For years, knee surgeons have been nudging patients toward pre-op weight loss with the promise that shedding pounds might smooth the road after total knee arthroplasty (TKA). But a new retrospective cohort study out of Mayo Clinic throws some cold saline on that assumption.
Published August 11, 2025, in The Journal of Bone and Joint Surgery, the study — led by Michael Seward, M.D., Jessica Grimm, M.S., Charles Hannon, M.D., M.B.A., Nicholas Bedard, M.D., Daniel Berry, M.D., and Matthew Abdel, M.D. — followed 3,665 patients with BMI ≥30 kg/m² who underwent primary TKA. Here’s the study: “Weight Loss Before Total Knee Arthroplasty Was Not Associated with Decreased Postoperative Risks.”
The verdict? Dropping weight before surgery didn’t translate into fewer complications. In fact, in some cases, it may have made things worse.
Who Did What on the Scale
Patients were grouped by weight change between 1 and 24 months pre-op.
- Weight gain ≥5 lbs: 20%
- Stable weight: 39%
- Lost 5–<10 lbs: 17%
- Lost 10–<20 lbs: 15%
- Lost ≥20 lbs: 9%
At first glance, some patterns emerged. Gaining >5 lbs? Higher odds of longer hospital stays and more complications. Losing 10–<20 lbs? Surprisingly, higher risks of revision, periprosthetic joint infection (PJI), and overall complications.
But here’s where it gets interesting: after multivariable adjustment, only two associations stuck.
- Losing 10–<20 lbs = 2.6x higher risk of PJI (p=0.01)
- Gaining >5 lbs = 50% higher complication risk (p=0.03)

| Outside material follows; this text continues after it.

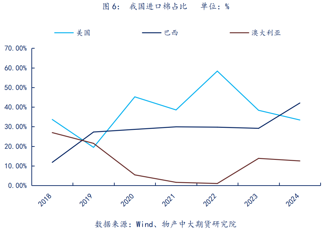 进口端表现上,2024年巴西棉占我国进口棉花的占比已超越美国,在贸易摩擦之后,这样的趋势或将得以加速。近年来美国棉花产量已逐渐低于巴西棉花产量,使得巴西在可出口的总量上跃居世界第一。另外值得关注的可替代进口资源是澳大利亚棉花,2024年我国已取消对澳大利亚的贸易制裁,中澳贸易关系逐步缓和,使得澳棉进口成为我国美棉进口减少后可选择的补充。因此,进口结构变化的演变进度较快,使得国内供应端受到本次贸易摩擦的影响并不大。

So much for the “just lose a little weight and you’ll be fine” mantra.
Beyond the Scale
Obesity is still a well-known risk factor in arthroplasty, but this study suggests the story isn’t as simple as the number on the chart. Nutritional status, comorbidity control, and physical conditioning may all matter just as much — or more — than a pre-op diet push.
With an average follow-up of six years, the authors conclude that counseling should focus on comprehensive optimization, not just the scale.
The Take-Home for Knee Surgeons
If your patient is obese and headed for TKA, short-term weight loss alone may not be the magic bullet we once hoped. The knee still wants stability, nutrition still counts, and comorbidities still demand attention.